— The problem —
Reproduce exactly the span of lines beginning at the one with "The first step" and ending at the last line of the data below, omitting pictures.

— Data excerpt —
———

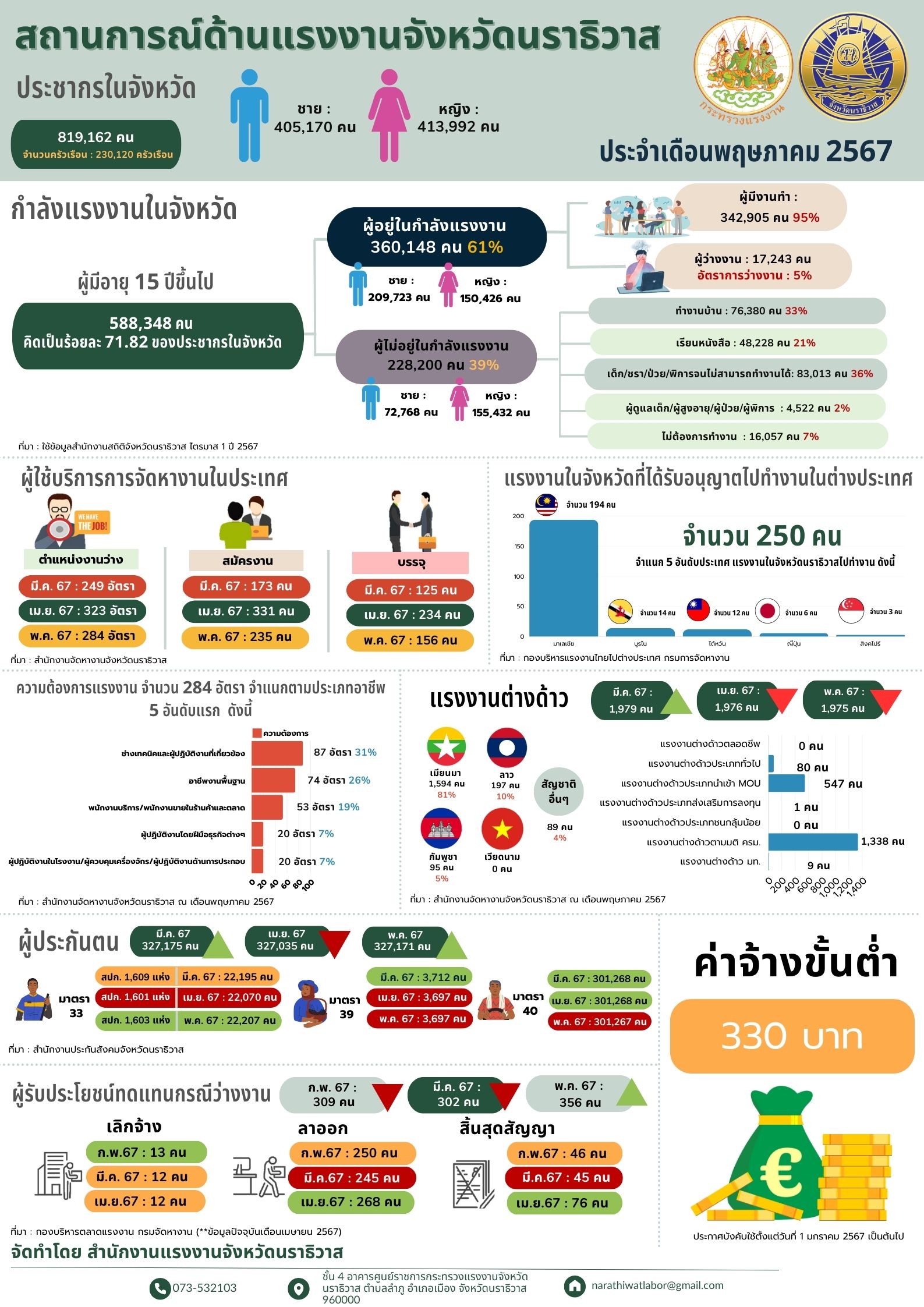 สถานการณ์ด้านแรงงานจังหวัดนราธิวาส ประจำเดือนพฤษภาคม 2567
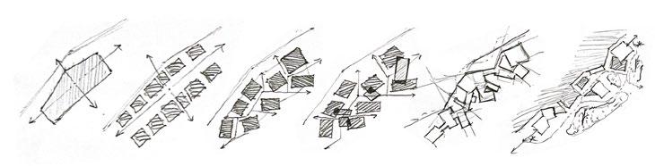 The first step of the process is the design of form families. The three categories include shared compounds (dormitories, lecture halls) individual spaces (galleries and meditation rooms) and features in landscape design (ponds, gardens and platforms). These object-like forms provide a repeatable palette of ingredients that can be further manipulated in both scale and placement.
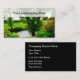 Scenic professional landscaping business card template with a nicely landscaped space on the front that features your company name and your business details on the back of this smart two side business card for a Landscaper, grounds keeper, or property manager.

———

— Solution to this exercise —
 The first step of the process is the design of form families. The three categories include shared compounds (dormitories, lecture halls) individual spaces (galleries and meditation rooms) and features in landscape design (ponds, gardens and platforms). These object-like forms provide a repeatable palette of ingredients that can be further manipulated in both scale and placement.
 Scenic professional landscaping business card template with a nicely landscaped space on the front that features your company name and your business details on the back of this smart two side business card for a Landscaper, grounds keeper, or property manager.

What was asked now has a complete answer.